It’s cruelty to animals: The bears run up trees because they are terrified, which is cruel, and the dogs get maimed, bit, and clawed by the bears defending themselves. The dogs are not well cared for and are overwhelming animal shelters. Also, you are shooting the bear out of the tree, so when it’s shot it tumbles helplessly to the ground. Hunting with dogs is a form of torture, because you are chasing the animals instead of just shooting it where it stands.
First off, I would like to make the point that wild animals live with the threat from other animals daily. So the stress that we, as humans, associate with being ‘hunted’ in the typically safe environment we live in is an unreasonable comparison. Also, animals do not react to stressful situations in the same way we do. In my opinion, a bear is more annoyed by the dogs than frightened. You have to understand, bears rule the woods in California. Even our ‘small’ Black bears in California are not afraid of mountain lions, and chase lions off their cached deer kills every day (one of the reasons the deer population is on decline btw). Bears do not have anything to be scared of in the woods. So, hungry mountain lion versus pack of barking dogs…. which do you think a bear associates a greater threat to? So the assumption that bears are running up trees because they are terrified and have no where else to go is unfounded, especially when you are familiar with the ecology of bears and their avoidance strategies, like running up a tree.

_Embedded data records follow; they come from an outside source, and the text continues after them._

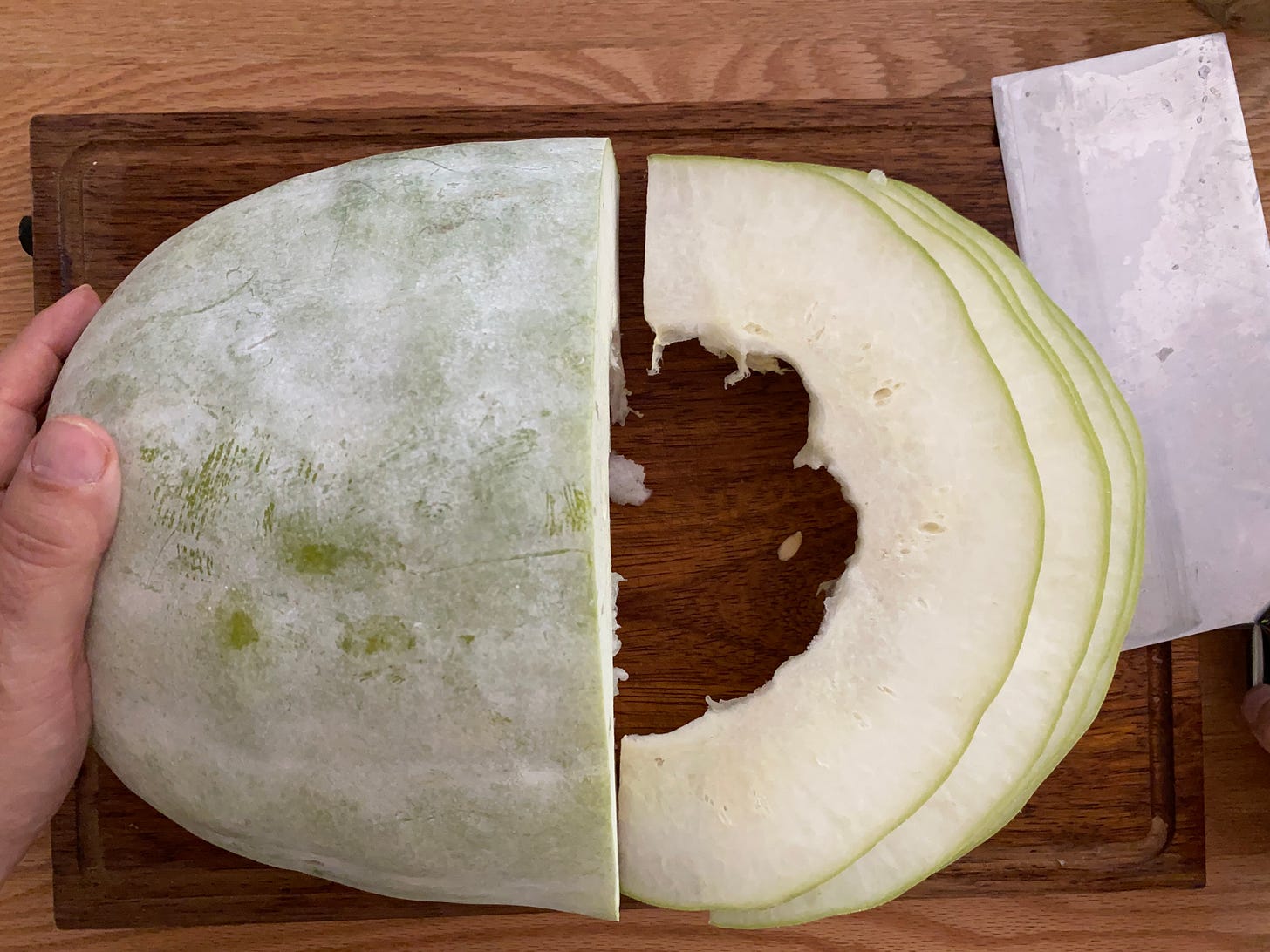 I also acquired a fresh winter melon. Quite a beast, as winter melons are wont to be. This one is the size of a very large watermelon and will last just about as long, so I need to get creative and fast. Seeing that two pots of soup had barely put a dent in my newfound melonic abundance, I decided to try my hand at drying a very small portion of the remainder. I cut slices thick enough to stand on their own and arranged them on a tray in front of a breezy open window. Additional structural integrity in the form of a few mushrooms ensured the slices didn’t fall over. After three days, I had a tray of dried vegetables and an inspiration for the lovely fall soup below.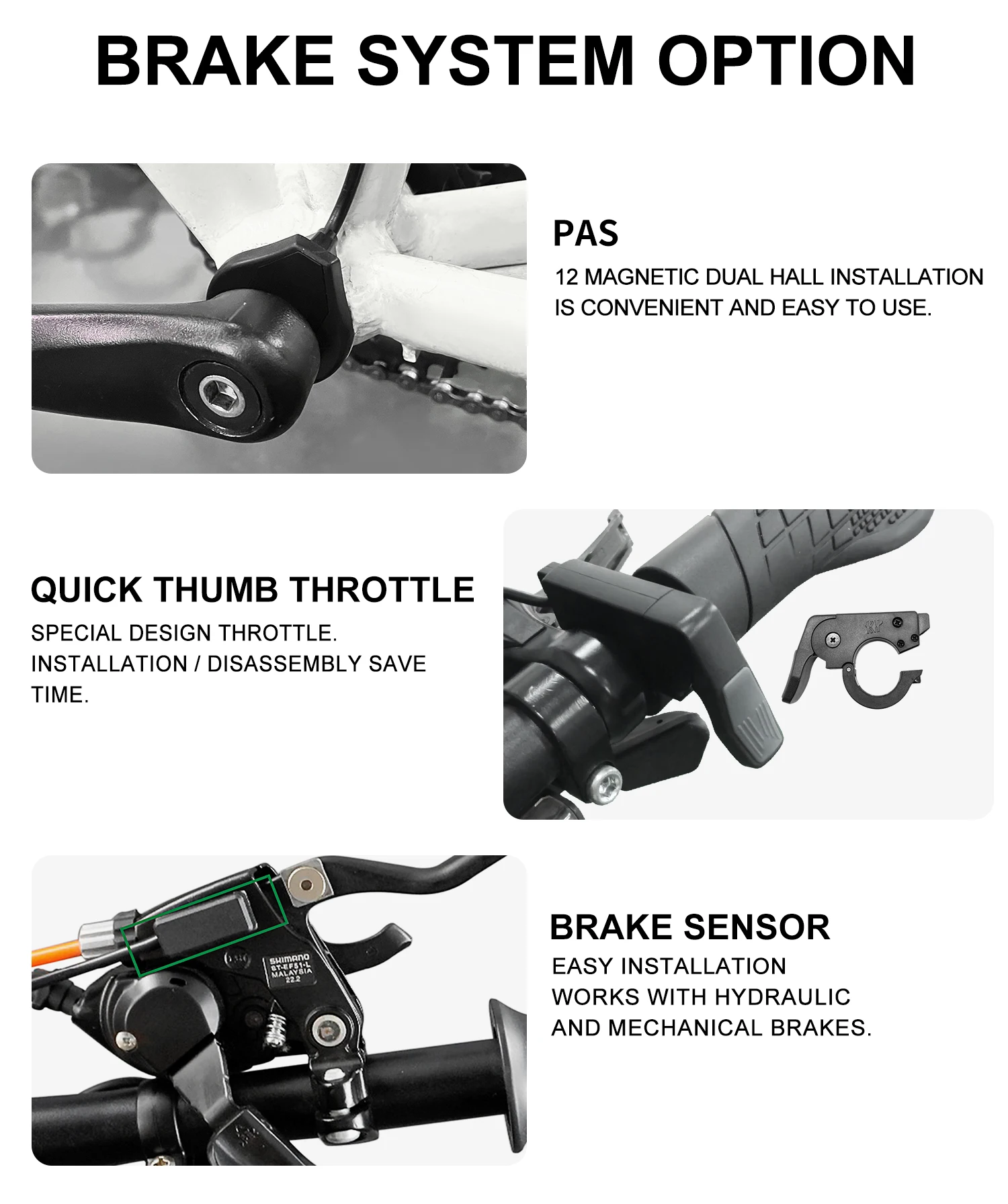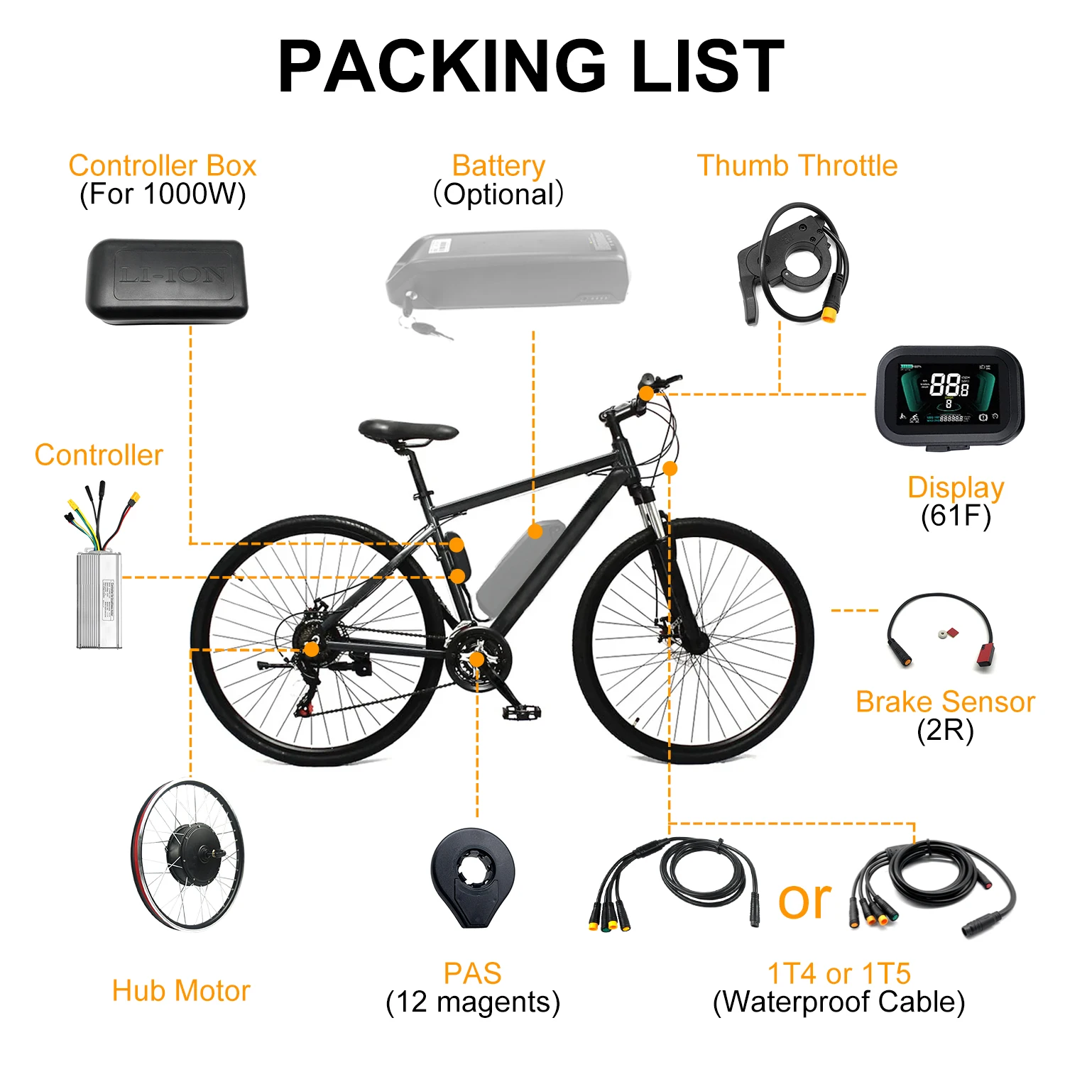 for installation: motor wheel, controller, display, thumb/twist throttle, brake sensor,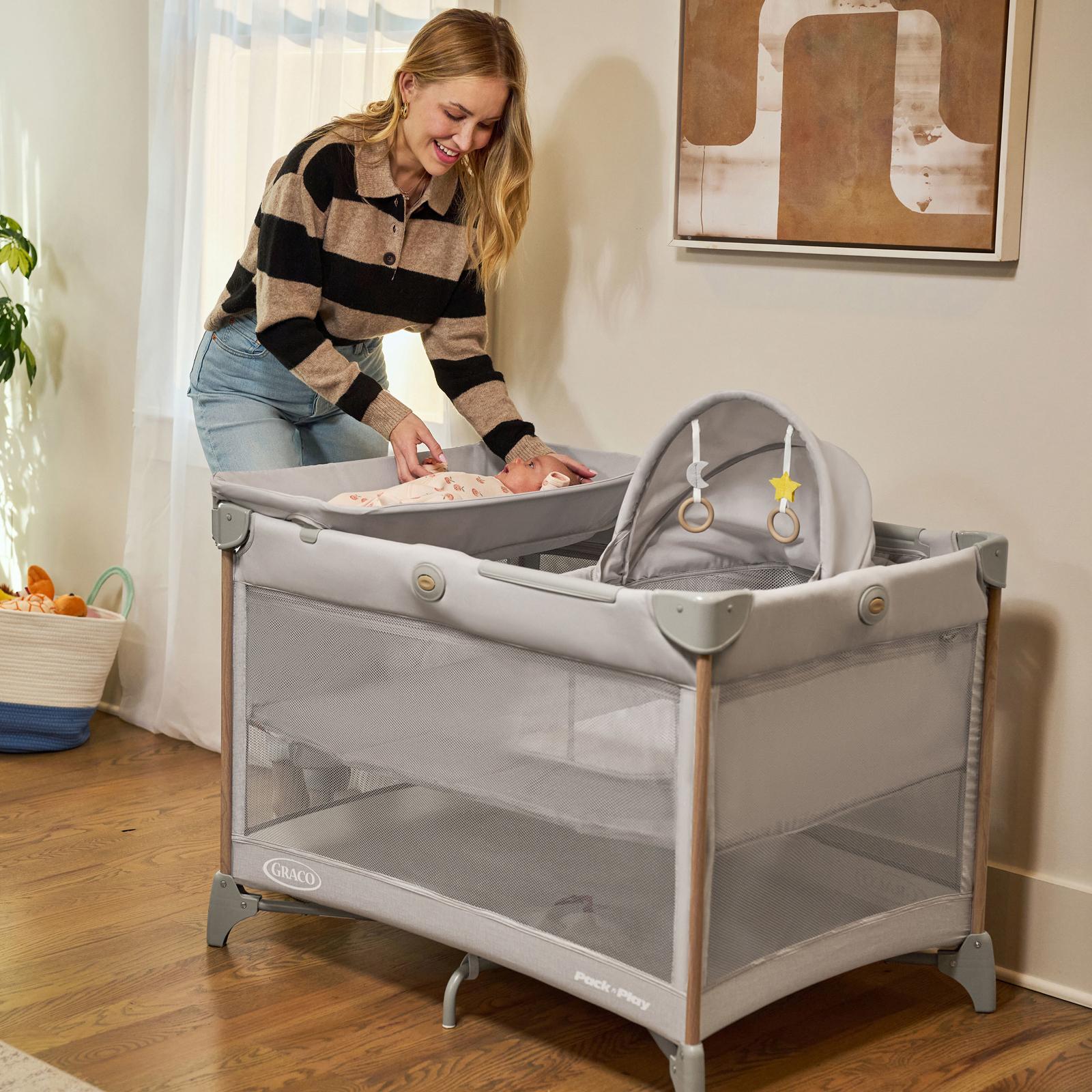 The Graco® Pack 'n Play® Care Suite™ Bassinet Lux Playard is packed with features to nurture your little one's big milestones in a single playard. This complete system features 4 modes of use which support your baby's routines at home and on the go. The cozy newborn bassinet is crafted with soft fabrics for comfortable sleep. A zip-in, full-sized bassinet keeps baby close and in-view as they grow for easy check-ins, day or night. Then, as your child grows, the full-sized toddler playard provides a comfortable, safe environment for playtime and nap time. The wipe-clean care station changer helps make diaper changes a breeze. This playard follows AAP Safe Sleep Guidelines to help create a safe sleep environment from infant bassinet to toddler playard modes, and the playard's 360-degree mesh sides will allow you and your baby can breathe easy. With our included carry bag, travel and storage have never been easier.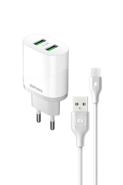 Сетевое зарядное устройство Exployd Easy EX-Z-1437 5Вт, 2xUSB, 2.4A, белый (EX-Z-1437), micro USB, EX-Z-1437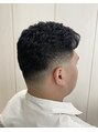 周りをフェードにしてスッキリさせて、トップは少し長さを残してクセ毛をいかしつつジェルで仕上げています。誰でも簡単にカッコよくきまります。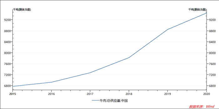 据美国农业部的测算,我国的牛肉年总供应量从2015年的6782千吨,预计将在2020年增长至9450千吨,复合增速达5.68%。同时,我国牛肉的人均消费仅为5.2千克,远低于世界平均水平,还有巨大的增长空间。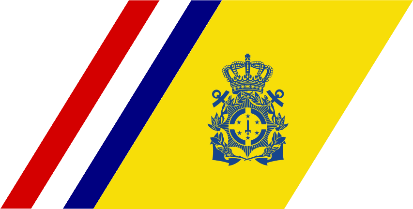 Its flag is yellow with its coat of arms placed at hoist side of the flag. Three diagonal stripes of Dutch national colors are placed at fly.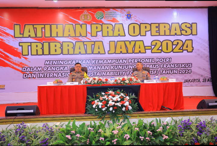 Independenpos.co , Jakarta-Polri menggelar latihan pra Operasi Tribrata Jaya 2024 dalam rangka pengamanan kunjungan Paus Fransiskus dan Internasional Sustainability Forum (ISF) tahun 2024. Latihan ini digelar di Balai Pertemuan Polda Metro Jaya, Rabu (28/8/2024).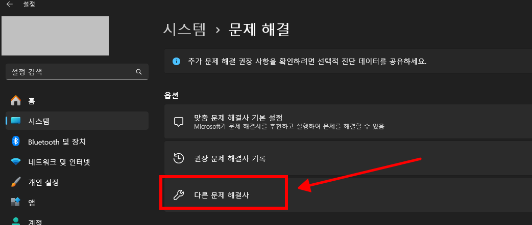 [Windows + I ]키를 눌러 설정을 열고, 시스템 -> 문제 해결 -> 다른 문제 해결사로 이동합니다.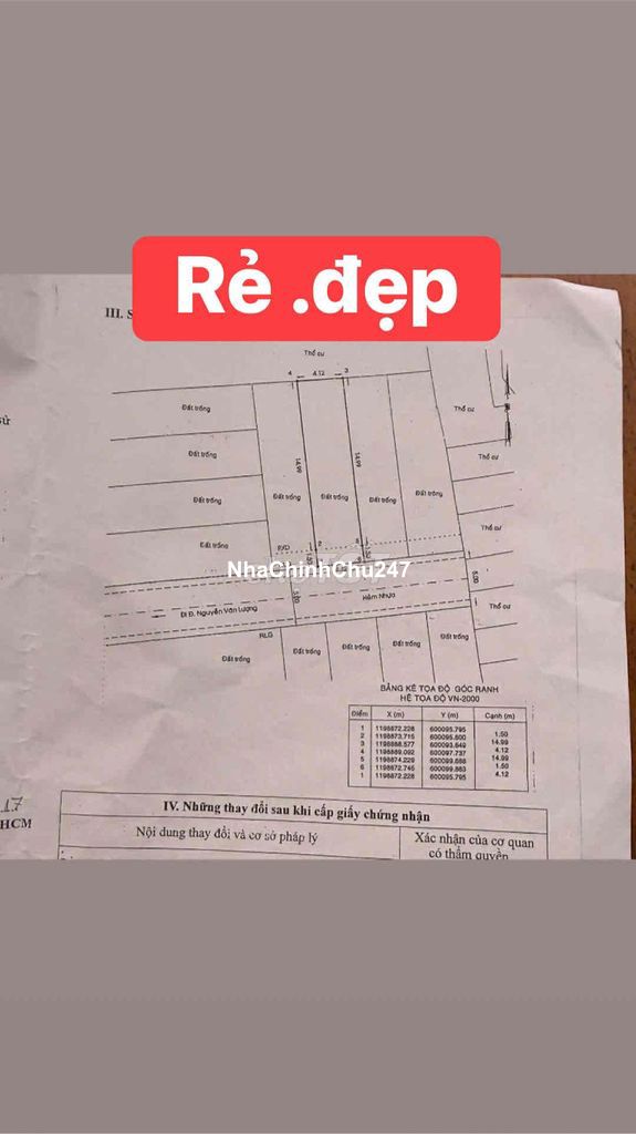 Dự án: Thông tin chi tiết: 🆘🆘🆘 CHÍNH CHỦ *** 1 LÔ ĐẤT RẺ .ĐẸP .HIẾM. NGUYỄN VĂN LƯỢNG ( kế Cityland cực kỳ đẳng cấp ) ace kd nua xây nhà bán . Ở cho thuê quá lý tưởng ( khu đó rất hiếm nhiều lúc có tiền muốn mua k có đâu ) 🆘🆘DT. 4.2. X17 m VUÔNG CHUẨN - XE HƠI RA VÀO THOẢI MÁI - KHU VIP TOÀN ĐẠI GIA- 💰 7.xx🧄 TL📍 Địa chỉ: Nguyễn Văn Lượng, An Hội Đông, TP.HCM ✨ Hẻm xe hơi, đất vuông vức cực đẹp – xây dựng tự do, XUNG QUANH CAO TẦNG 🏡 Hiện trạng: Chủ đã làm mái che, đang cho thuê tạo dòng tiền ổn định. Khách mua có thể tiếp tục khai thác hoặc tháo dỡ xây mới tùy nhu cầu. 🌟 Vị trí đắc địa:• Nằm ngay trục đường Nguyễn Văn Lượng sầm uất, kết nối nhanh Gò Vấp – trung tâm TP • Khu dân cư hiện hữu, an ninh, xung quanh đầy đủ tiện ích: chợ, trường học, siêu thị • Thích hợp xây ở, đầu tư giữ tài sản hoặc khai thác cho thuê lâu dài ☎️☎️☎️ LH PHUONG ANH ***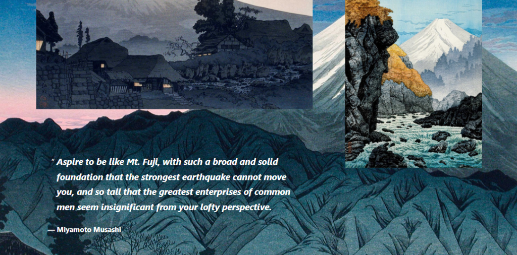 <blockquote class="wp-block-quote is-style-default"><p><em>Aspire to be like Mt. Fuji, with such a broad and solid foundation that the strongest earthquake cannot move you, and so tall that the greatest enterprises of common men seem insignificant from your lofty perspective.</em></p><cite><strong>— Miyamoto Musashi</strong></cite></blockquote>

Houndsmen pay upwards of $1500 a dog, and hounding is not effective unless there is at least 3 dogs in the pack, more is better. I cannot say that every hunter treats their hunting dogs like I do (SPOILED is the word, sleeping on the bed, treats and love all the time, boiled eggs every day, etc) but after reading some of the posts by houndsmen I can say that there are hound dogs that are getting the royal treatment, just like my bird dog. Of course, when looking at the spectrum, there are going to be the good and the bad. But at $1500 a dog, most houndsmen are going to take very good care of their dogs.
It’s not sporting, and it’s trophy hunting: The bears are hunted with dogs so the hunters can take the largest, biggest trophy bears, and the bears are shot at point-blank range out of the tree. The dogs have radio collars so the hunters know where the dogs are at all times, so that is not ‘fair chase’.
Most of the bears taken using hounds are bears used for meat. California is not known for it’s ‘trophy’ bears, so this argument is invalid. Plus, the use of ‘trophy hunting’ makes people think that you are just taking the skin or head, and in fact, bear meat is very tasty and makes great sausage! Hunters hunt bears for meat (amazing, I know!) and population control, so just the use of ‘trophy hunting’ is uncalled for.
Also, the bears are not shot at point-blank range. I have yet to see a hunter climb up into a tree to shoot a bear within arm reach. Yes, the shots are taken at a shorter range that most other hunting is done, but that is an ideal situation. The closer a hunter can get to the prey, the better the shot placement, and the easier it is to clearly identify the individual animal and its particulars, such as sex, size, lactating or not. As one of the houndsmen said on the 26th, hunting bear and bobcats with dogs is the only form of ‘catch and release’ hunting.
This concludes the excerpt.